Ideas for improvements:

train/run a lane detector on resized images (512 x 256 instead of 1024 x 512). Not sure if accuracy would still be good enough. Would need to check
use some neural network made for fast semantic segmentation (e.g. ENet or Fast-SCNN). Downside is that this is then not as easy to implement for readers as an exercise... Would be nice if these architectures were supported by the segmentation models pytorch library

MankaranSingh · Answer 1 · Sat Jun 12 2021 20:15:54 GMT+0800 (China Standard Time)

I think to improve the performance one shouldnt be using pytorch for inference. onnx runtime will easily give 2-3x performance boost but on the downside, while it's easy to install and convert model to onnx, it can take attention of reader away from the main goal.

Mario Theers · Answer 2 · Mon Jun 14 2021 04:08:06 GMT+0800 (China Standard Time)

Hey @MankaranSingh , thanks for the input, I did not know about onnx!

Regarding "taking away attention": That is a very good point. One could think about adding a lane_detector_onnx.py as a sibling file to lane_detector.py in the solutions directory. Also one would need to store a .onxx file in the repo. Then students could optionally install onnx and run the lane detector from lane_detector_onnx.py. It could still be a small distraction, but if it would allow for real-time execution of the sample solution lane detector in Carla, it might be worth it :)
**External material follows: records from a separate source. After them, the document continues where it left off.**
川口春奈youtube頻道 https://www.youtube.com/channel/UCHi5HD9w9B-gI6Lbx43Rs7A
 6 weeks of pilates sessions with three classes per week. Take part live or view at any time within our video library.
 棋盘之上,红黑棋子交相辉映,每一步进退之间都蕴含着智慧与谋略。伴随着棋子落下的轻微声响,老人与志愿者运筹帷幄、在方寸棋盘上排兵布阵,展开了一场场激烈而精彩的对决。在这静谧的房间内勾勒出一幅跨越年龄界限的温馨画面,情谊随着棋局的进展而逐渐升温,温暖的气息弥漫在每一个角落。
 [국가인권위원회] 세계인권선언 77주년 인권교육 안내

From what I googled it might be easy to do this using torch.onnx. I might give this a go next week if I find some time. Just to find out how much the speed up will be :)
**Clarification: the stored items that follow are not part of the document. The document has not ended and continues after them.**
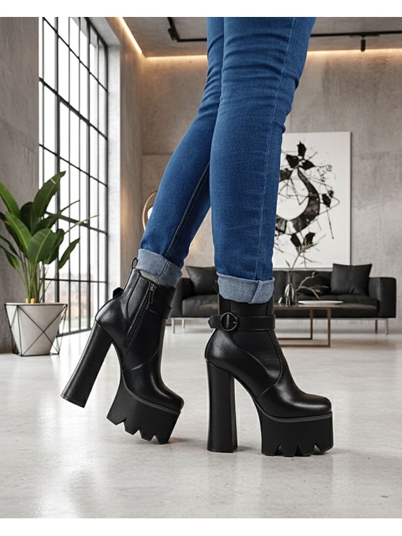 Jesteś Wyjątkowa! Twoje buty też muszą być! Te botki na platformie musisz mieć! Wysoki gruby obcas jest idealnie zrównoważony przez platformę. Bardzo wygodne i stabilne. Gruby podeszwa zdecydowanie nadaje im wyjątkowego charakteru. Koncert, impreza czy spotkanie na mieście, te czarne botki na obcasie sprawdzą się idealnie. Suwak po wewnętrznej stronie ułatwia zakładanie botków. Wysoka jakość wykonania.
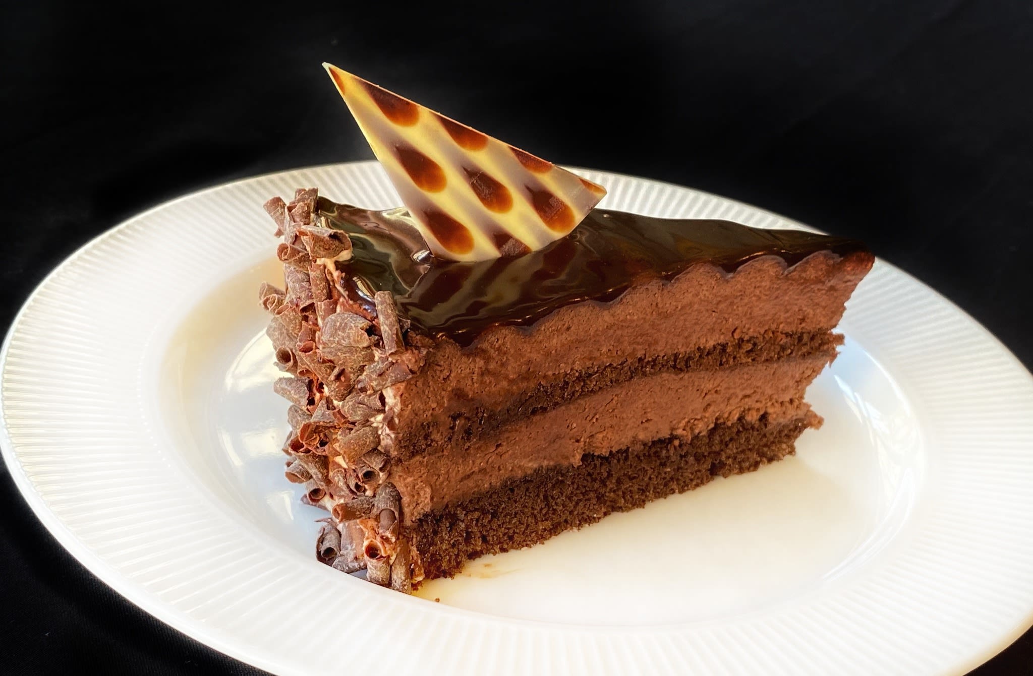 초콜릿 빵과 초콜릿 크림을 겹겹이 놓은 케이크 메뉴
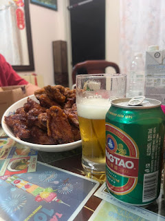 我吃饱了,盘腿坐着划手机。他在一旁继续啃最后那几块炸鸡。
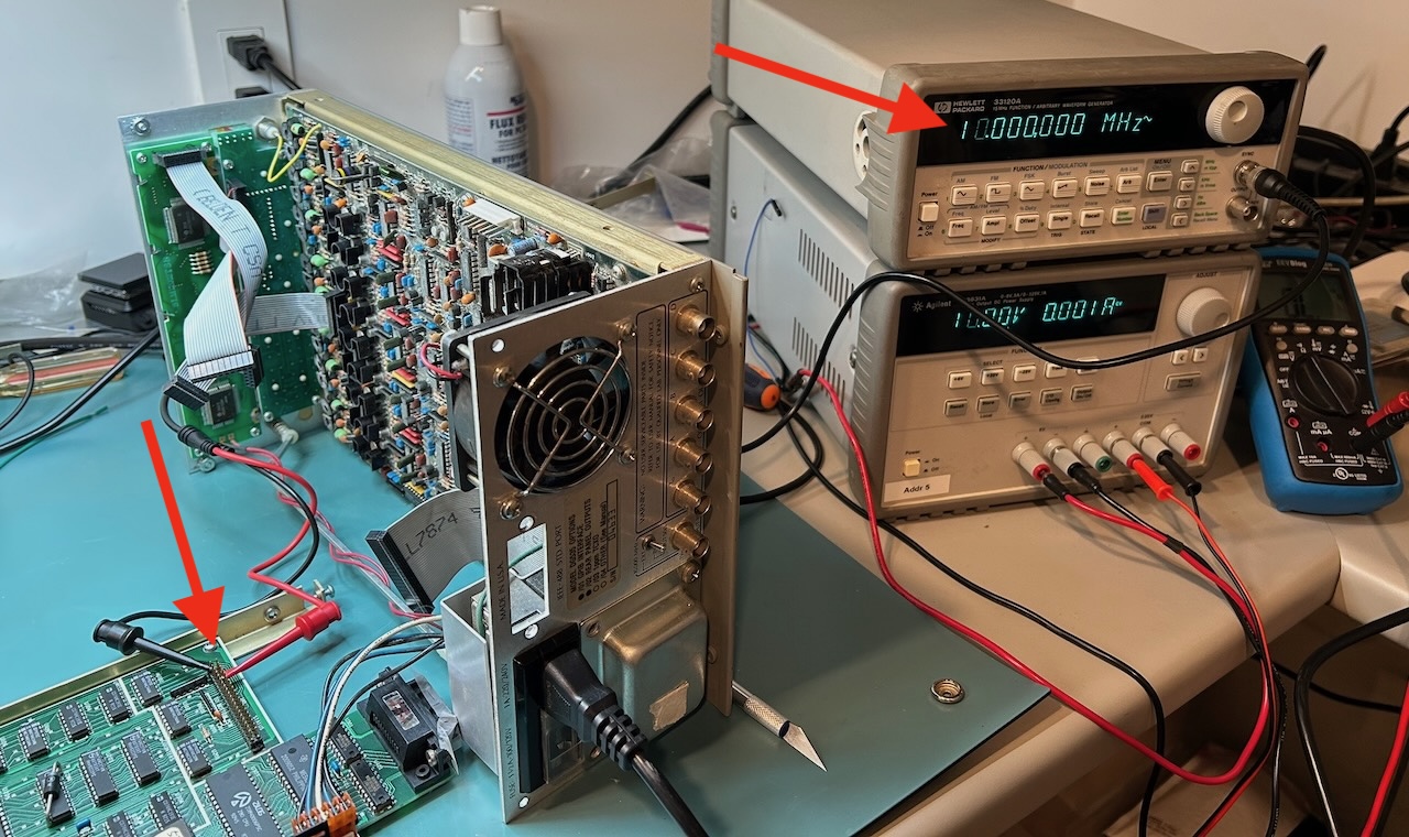 In the picture above, in addition to the signal generator, you can also see an HP 3631A power supply that outputs 10V: this is a replacement of the reference voltage that’s needed for the dying gasp and reset generator that I mentioned earlier. These are the 2 external signals that are needed to run the CPU top PCB without the analog bottom PCB, though only for a short time: without current boost resistor, the 7805 was now taking on all the current and warming up.
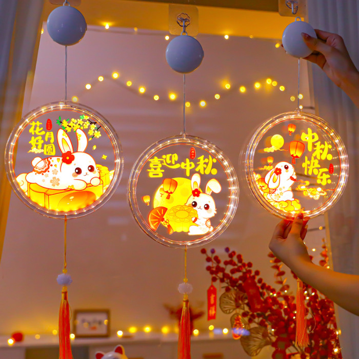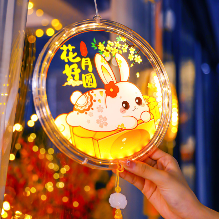 發光玉兔花好月圓吸盤led彩燈掛件中秋節日氛圍室內裝飾布置掛飾
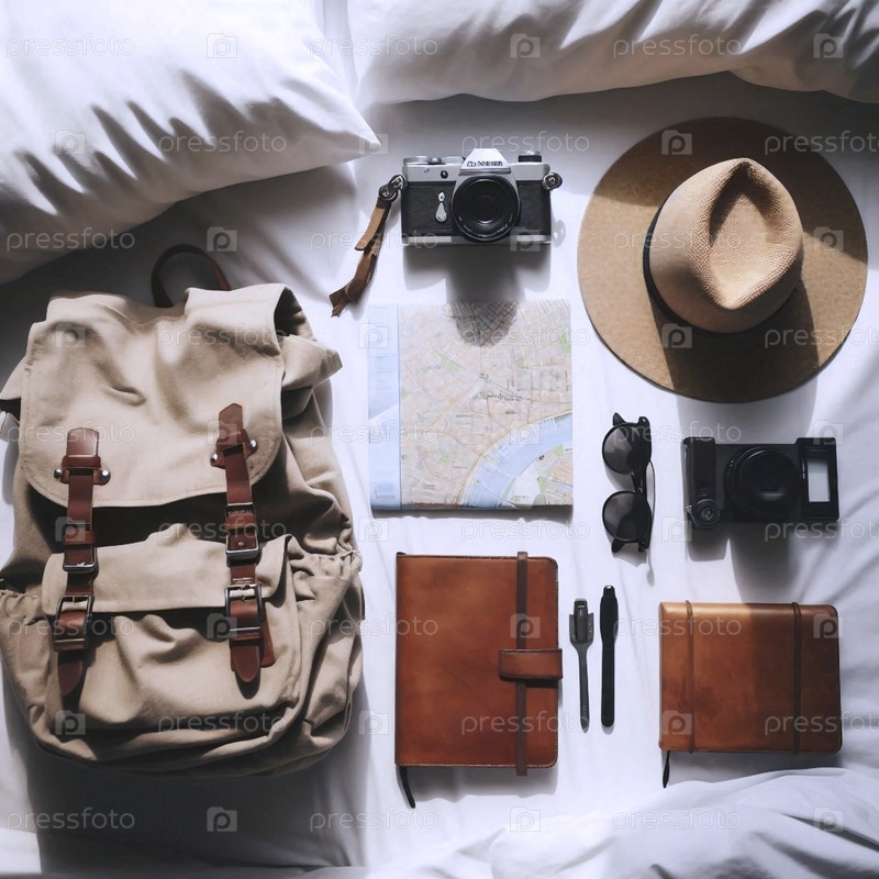 Необходимое оборудование для туристов, выложенное на кровать в общежитии перед днем исследования: карта, шляпа, журнал, бутылка с водой, изображение AI

MankaranSingh · Answer 3 · Mon Jun 14 2021 15:37:58 GMT+0800 (China Standard Time)

I tried converting the best_model_multi_dice_loss.pth to onnx but it contains a custom op named SwishImplementation that causes errors when converting. this is an issue I found.

but anyways, I tried converting efficientnet-b0 encoder to onnx with the given solution and the fps improved from 0.2 to 2.5 on CPU. this seems promising. but we may have to retrain the model by setting memory efficient swish to false as shown in the issue.

Mario Theers · Answer 4 · Mon Jun 14 2021 20:52:13 GMT+0800 (China Standard Time)

Hey @MankaranSingh , thanks for looking into this! I tried

model.encoder.set_swish(memory_efficient=False)

and it worked :) Will try to load that onnx file into the onnxruntime this evening :)

Btw: Retraining was not necessary. I just loaded the pth file.

MankaranSingh · Answer 5 · Mon Jun 14 2021 21:04:38 GMT+0800 (China Standard Time)

ohh, I ttried model.set_swish(memory_efficient=False) and thought this method was only available fot models in smp. Godd to see that.

You can use onnxruntime-gpu with these settings:

import onnxruntime as ort

options = ort.SessionOptions()
options.execution_mode = ort.ExecutionMode.ORT_SEQUENTIAL
options.graph_optimization_level = ort.GraphOptimizationLevel.ORT_ENABLE_ALL
provider = 'CUDAExecutionProvider'
ort_session = ort.InferenceSession('model.onnx', options)
ort_session.set_providers([provider], None)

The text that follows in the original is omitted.